There may be some cases like that (though I've never seen one in the real
world, since I started working with TypeScript three years ago). And there
have been and will be more bugs in TypeScript and its compiler, etc.

Such claims might be true in some pedantic sense, but aren't really meaningful
unless you are in some kind of internet flame-war thread on Reddit or
something.

In the real world, for the purposes of writing software, Microsoft's claim[1]
that "TypeScript is a typed superset of JavaScript" is generally true.

[1]: [https://www.typescriptlang.org](https://www.typescriptlang.org)

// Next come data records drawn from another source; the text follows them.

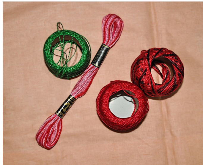
Nylon and cotton threads are used for embroidery purposes.
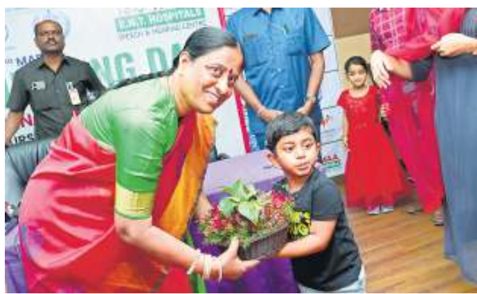
Minister for Forests, Environment, and Endowments Konda Surekha at meeting in Hyderabad on Monday

Addressing the gathering at Maa ENT Hospital in Jubilee Hills, where she attended as the chief guest, the minister unveiled a special awareness poster, watched cultural performances by children who had successfully undergone cochlear implant surgeries, and felicitated doctors for their contributions in
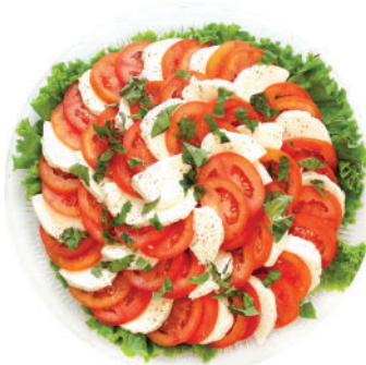
Capri Tray 12" $39
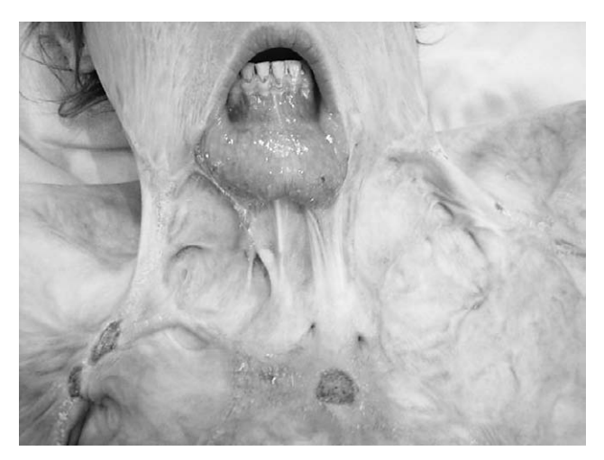
FIGURE 1. En face: Lip retraction, restricted mouth opening, hypertrophic scar extending over the neck
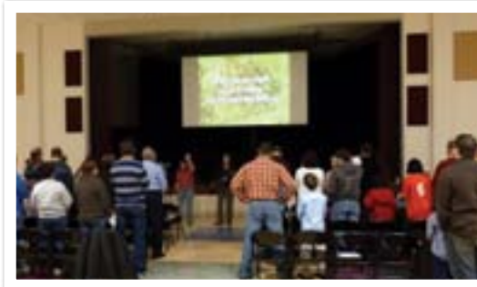
Grace Harbor's church service.

Our church was founded on seeking direction from God through prayer and scripture. We recently completed 21 days of prayer and fasting as a church, focusing on "hearing God's voice and aligning our lives with God." What a blessing to draw near to God and heighten our sensitivity to His Spirit. In addition, our discipleship process

EDIT: Maybe I shouldn't have said "strict" superset. That might have just been
me accidentally editorializing.

EDIT 2: After reading the post you linked, and its (good) comment thread, I
understand where he was coming from, but as he notes in his update at the top,
it mainly boils down to different interpretations of what "superset" means in
this case. I think in the end his assessment is the same as mine above.

------
oliyoung
Nothing has improved my day-to-day work life more in the last 5 years than
typescript.

It's joy. Just, joy.

------
benatkin
I've noticed there's a lot of talk on twitter about making TypeScript be an
agreed upon best practice for frontend web developers. I'm glad TypeScript is
doing well because there are certainly a lot of talented and dedicated
developers working on it, but I really don't want to use static typing, even
if there is a lot of type inference happening. I will need to make sure I
don't plan on finding job or gig opportunities at the types of companies that
are going require the use of TypeScript.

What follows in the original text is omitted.